By Santhosh V. Perumal/Business Reporter
Qatar Stock Exchange continued to be under bearish spell for the fourth consecutive session Wednesday, mainly on selling pressure in the transport, telecom and real estate stocks.
Although Islamic stocks witnessed gains, the 20-stock Qatar Index (based on price data) fell another 0.11% to 11,849.63 points as trade volumes also fell.
Foreign institutions continued to be net profit takers but with lesser vigour in the bourse, which is, down 3.55% year-to-date.
Buying interests of domestic institutions were seen slackening and non-Qatari retail investors turned bearish in the market, where realty, banking and industrials stocks corner more than 83% of the total trading volume.
Market capitalisation was down 0.28% or about QR2bn to QR645.22bn.
The Total Return Index fell 0.11% to 17,673.62 points and All Share Index by 0.06% to 3,044.46 points but Al Rayan Islamic Index rose 0.24% to 4,046.22 points.
Transport stocks shrank 0.68%, transport (0.66%), real estate (0.33%), banks and financial services (0.27%) and insurance (0.17%); whereas consumer goods and industrials gained 1.35% and 0.43% respectively.
Major losers included QNB, Mesaieed Petrochemical Holding, Barwa, United Development Company, Ezdan, Ooredoo and Nakilat; even as Qatar Islamic Bank, Doha Bank, Industries Qatar, Gulf International Services, Gulf Warehousing and Islamic Holding Group bucked the trend.
Foreign institutions turned net selling fell to QR24.35mn against QR38.05mn the previous day.
Non-Qatari individual investors turned net sellers to the tune of QR5.96mn compared with net buyers of QR3.31mn on Tuesday.
Domestic institutions’ net buying weakened to QR5.64mn against QR17.54mn on January 20.
Qatari retail investors’ net buying rose to QR24.73mn compared to QR17.13mn the previous day.
Total trade volume fell 23% to 12.38mn shares, value by 8% to QR634.21n and transactions by 4% to 7,223.
The insurance sector’s trade volume plummeted 76% to 0.05mn stocks, value by 86% to QR2.35mn and deals by 63% to 52.

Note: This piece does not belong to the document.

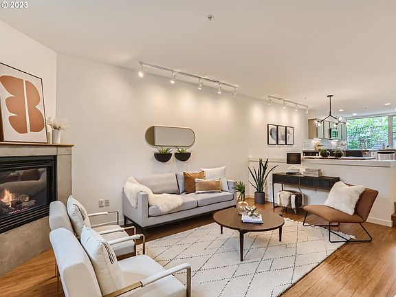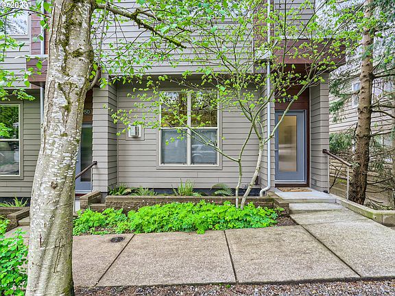 OPEN SUN 5/21, 12-2PM. Welcome to stylish and sustainable Dolph Creek Townhomes. With its LEED-Silver distinction this contemporary home was built mindful of the future without forsaking design. Coveted end-unit offers two ensuite bedrooms up and open-concept living space on the main, equally perfect for lively entertaining or relaxing with loved ones. Natural light streams in from oversized windows throughout. The high ceilings, contemporary cement-surround fireplace, and bamboo flooring emit warmth and sense of quality. The striking kitchen is well-appointed with stainless steel appliances, concrete counters, and Calcutta marble backsplash. Brand new, never used, refrigerator and stove. Adjoining kitchen is an outdoor balcony, perfect for AM coffee while reading the headlines. Upstairs primary suite offers vaulted ceilings, another spectacular window, walk-in closet, and private bath w dbl sink vanity. A second ensuite bedroom and conveniently located washer & dryer also found on the upper level. Lowest level provides separate back entrance and rare oversized two-car tandem garage with abundant storage. Dolph Creek Townhomes were built to reflect energy efficiency, air quality and sustainability. Home Energy Score 10 out of 10! Located mere blocks to popular Multnomah Village's cafes, pubs, and shops. Easy access to OHSU, I-5 freeway, and 10-minutes drive-time to downtown. [Home Energy Score = 10. HES Report at https://rpt.greenbuildingregistry.com/hes/OR10179668]

The telecom sector saw its trade volume plunge 62% to 0.7mn equities and value by 45% to QR17.95mn but on 9% jump in transactions to 524.
The market saw 56% decline in the consumer goods sector’s trade volume to 0.2mn shares, whereas value soared 20% to QR21.42mn and deals by 8% to 358.
The real estate sector’s trade volume tanked 39% to 5.48mn stocks, value by 46% to QR161.33mn and transactions by 27% to 1,923.
There was 16% fall in the industrials sector’s trade volume to 1.19mn equities, 10% in value to QR109.19mn and 12% in deals to 1,477.
However, the transport sector’s trade volume soared 75% to 1.12mn shares, value by 31% to QR33.74mn and transactions by 27% to 426.
The banks and financial services reported 48% surge in trade volume 3.64mn stocks, 65% in value to QR288.23mn and 26% in deals to 2,463.
In the debt market, there was no trading of treasury bills and government bonds.